Finalmente, canceló el saldo pendiente. Al llegar a casa, intentó descargar de la página unas planillas relativas a la solicitud de la cédula catastral. Ah, pero esas planillas implicaban realizar otro pago. Esto significaba repetir la diligencia de ir muy temprano a coger número. Ahora era semana radical y el reparto se reducía a veinte números por el distanciamiento social. Un madrugonazo más osado por los predios de la Caracas que asusta.

Amaneció nuevamente a las puertas de esas oficinas una madrugada lluviosa, sin siquiera un cafecito previo, esperando el numerito que repartiría el muchacho de la película a las ocho de la mañana. Esta vez la espera para el pago fue breve: le había tocado el número 2. “Valió la pena el susto”, se dijo feliz.
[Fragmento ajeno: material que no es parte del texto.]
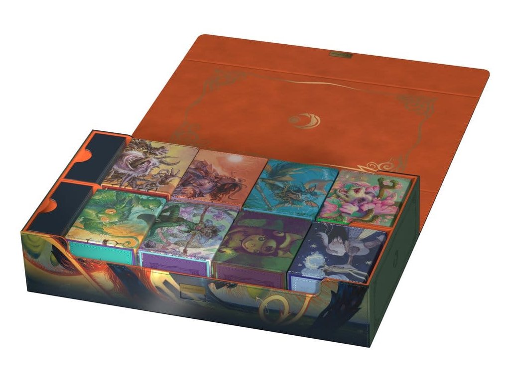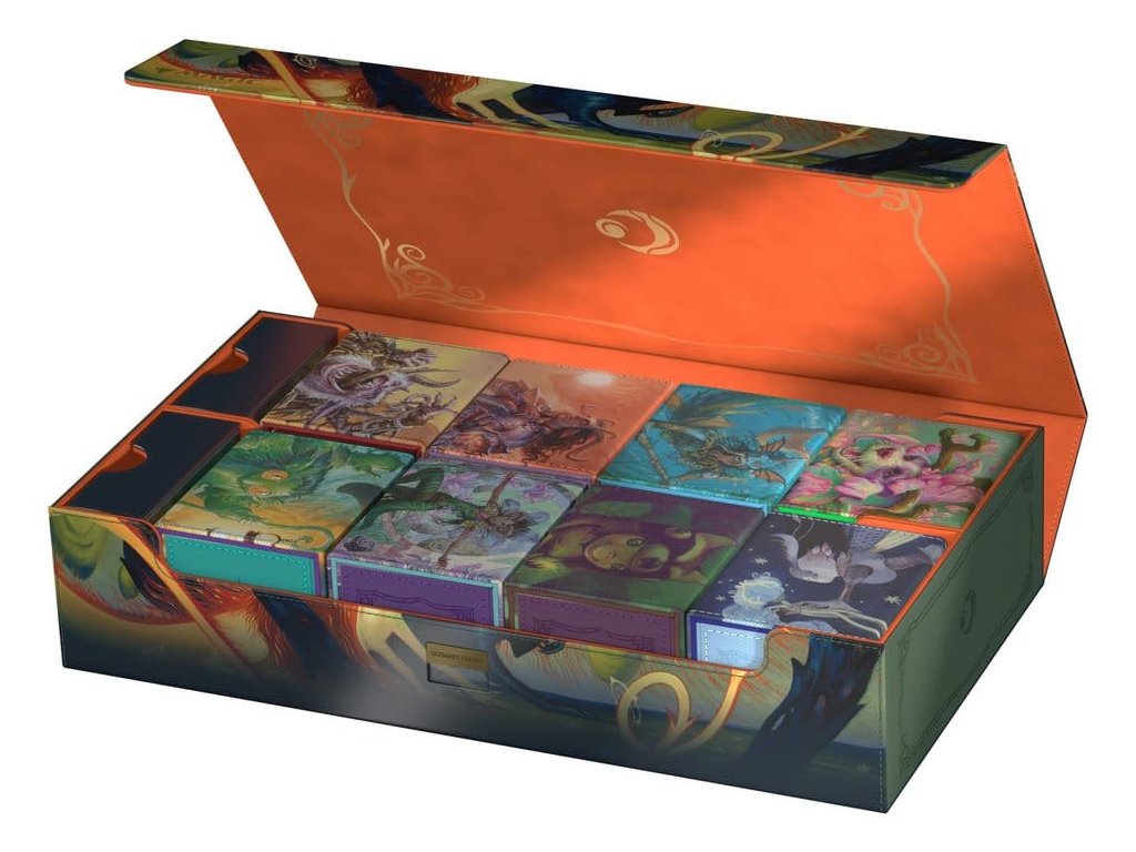 Az Ultimate Guard Omnihive 1000+ Xenoskin a 'Lorwyn Eclipsed' Magic: The Gathering szett hivatalosan licencelt grafikájával a végső doboz az MTG paklik, kártyák és kiegészítők tömeges tárolására. Úgy tervezték, hogy egyszerre több MTG doboz pakli és/vagy játékszőnyeg tárolására alkalmas legyen, két rugalmasan elhelyezhető és összecsukható mágneses kockatálcával rendelkezik két rekesz felett, tartós Xenoskin anyaggal, kiváló minőségű mikroszálas belső béléssel, erős mágneses zárással és az Ultimate Guard bevált ZnapClaw mechanizmusával. A nyolc Sidewinder 100+ paklis doboz vagy hat Sidewinder 133+ paklis doboz befogadóképességével az Omnihive 1000+ Xenoskin akár 1000, Ultimate Guard* fóliába csomagolt, dupla csomagolású kártyát is képes tárolni, így tökéletes tárolódoboz a kockák számára.

Pero la faena no terminaba allí. La planilla pagada indicaba que debía cancelar un timbre fiscal ante la Gobernación de Miranda, el SATMIR. Podía hacerlo en alguno de los bancos recaudadores, pero esa semana era radical y los bancos no abrían. La otra opción era usar un comodín: llamar a un amigo de Banesco para pagar en línea. No tuvo más remedio que contactar a su partner de tenis.

Así lo hizo. Canceló el timbre fiscal, pero debía esperar al lunes, semana flexible, para presentarse con carpeta en mano, roja tamaño oficio, y todos los documentos exigidos bajo gancho de archivo. Ah, pero el lugar ya no sería el intimidante paisaje de Los Dos Caminos. No, el episodio final sería en una escabrosa calle de Boleíta Sur, cercana al barrio La Lucha, en la Calle República Dominicana. “Muy sugestivo el nombre del barrio”, se dijo, buscando ánimo.

“¡Pero esto me queda muy lejos y es peligroso ir de madrugada!” pensó, buscando una solución. “Utilizaré otro comodín”, se dijo en silencio.

Llamó a su consuegro en El Marqués, zona aledaña al tinglado donde debía acudir. Este, de muy buen talante, le dijo: “Vente, que yo ese día también salgo por aquí cerca al SAIME, en Los Ruices, a tramitar el pasaporte”.

“¡Qué bueno!” acotó Ignacio.

El domingo, Ignacio y su consuegro, después de la cena, pensaron en acostarse temprano para madrugar con energía. Pero antes, debieron soportar la perorata de Maduro, anunciando su épica pandémica y sus “audaces” acciones preventivas. Se durmieron con dudas sobre el alcance de los acertijos lanzados en la cadena nacional.

Ignacio salió por la mañana con la preocupación de que el timbre fiscal vencía ese día. Tienen una vigencia temeraria de solo cuatro días: lo pagó el jueves y vencía ese lunes 15.

Al llegar, ya había una cola de más de treinta personas por delante. Esta creció hasta ocupar la cuadra. Reinaba un silencio nervioso en la fila. No aparecía nadie responsable de abrir el portón de las oficinas ni de dar información sobre el horario de atención.

A las nueve de la mañana, emergió de las entrañas del edificio un vigilante con aspecto de jockey mal pagado, a quien llaman “Pajarito”. Este personaje, desperezándose, anunció que no abrirían las oficinas esa semana por el anuncio del presidente la noche anterior: “Cerco epidemiológico”.

“¿Y ahora qué hago?” preguntó Ignacio, acercándose a Pajarito. “Hoy se me vence el timbre y la otra semana se me vence la solicitud” (caduca trimestralmente).


Pajarito no titubeo en responder que la otra semana tampoco trabajarían, ya que sería semana radical. Además -agregó- después de esa semana comienza un nuevo trimestre.

-Ah, okey.   Nuevo estado de cuenta.!

-Volver a empezar! -sentenció pajarito-.